Relire écrire
vendredi 13 septembre 2024
6 août 2024
Pas beaucoup de temps, mais quand je peux, je prends quelques pages, 1942, je relis, corrige, trouve des coquilles. J’essaie de huiler certains passages, entre le passé et l’ici et maintenant, comment aller et venir que ça soit fluide, que ça ne sorte pas du texte. Il faut peut-être essayer autre chose, au contraire, car je n’y arrive pas, au début surtout, je crois qu’il faut bien sortir la tête de l’eau fictionnelle décrivant des réalités, bien se reprendre au réel d’ici pour repartir dans le réel d’avant qui est raconté avec des outils de narration, de fiction. Donc, mettre des balises, avertir, plutôt couper l’élan, au contraire, comme véritable éthique de ce texte, et quand ensuite il y aura de la fluidité, ce sera en toute connaissance de cause si le lecteur, la lectrice veut se perdre en oubliant la réalité, j’aurais prévenu. Quelque chose comme ça, comme des avertissements qui s’évanouissent.
Paul Veyne :
L’histoire est une cité que l’on visite pour le seul plaisir de voir les affaires humaines dans leur diversité et leur naturel, sans chercher quelque autre intérêt ou quelque beauté […] on ne visite de cette cité que ce qui est encore visible, les traces qui en subsistent.

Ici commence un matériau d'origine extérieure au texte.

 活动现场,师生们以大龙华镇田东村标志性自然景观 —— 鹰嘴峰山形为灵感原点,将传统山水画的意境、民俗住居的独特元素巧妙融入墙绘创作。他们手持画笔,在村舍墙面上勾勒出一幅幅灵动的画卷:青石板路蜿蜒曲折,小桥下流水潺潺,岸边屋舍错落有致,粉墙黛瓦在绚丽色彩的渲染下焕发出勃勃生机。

Le mot « plaisir », ici, n’a pas tout à fait sa place, il y a des affaires humaines qu’on préférerait ne pas voir. Il y a l’excitation des recherches, la satisfaction d’établir un fait, d’écrire un paragraphe, un chapitre. Mais je me suis rendu compte qu’écrire cette histoire, ces histoires, était terrible, ce n’était pas des histoires, c’était vrai, et tragique. Mon corps, au cours de l’écriture, a encaissé et a réagi, je ne m’y attendais pas ; à tomber malade et que ce soit en lien avec le texte, avec ce que je devais écrire, ce qui leur était arrivé, dans leur chair à elles et eux. Parce que j’écrivais sur des morts, leurs fantômes venaient se rappeler à moi, qu’ils avaient été vivants et que je ferais bien de prendre garde à ce que j’écrivais. Des vies, pas des histoires. C’est aussi ça, cette nécessité de m’inviter entre ces fragments d’histoire-fiction, rappeler qu’on écrit quelque chose ici, on ne le vit pas, on ne le “visite” pas.

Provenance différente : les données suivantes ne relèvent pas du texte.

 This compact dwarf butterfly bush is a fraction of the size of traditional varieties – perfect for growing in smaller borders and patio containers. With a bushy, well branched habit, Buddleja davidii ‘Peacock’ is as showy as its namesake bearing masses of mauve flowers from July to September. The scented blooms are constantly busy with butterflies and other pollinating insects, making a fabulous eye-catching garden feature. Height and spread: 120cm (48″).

Je publie ça quand, sur la page d’accueil de mon site, s’affiche deux textes anciens, dont l’un de 2021, où je me demande naïvement, relisant les six premiers chapitres : "Mais si l’argent du CNL ne tombe pas ? Comment écrire ?".
*
Je suis un bateau suisse réglé comme une horreur, j’arrive jusqu’à la trace, arrache ce qui respire.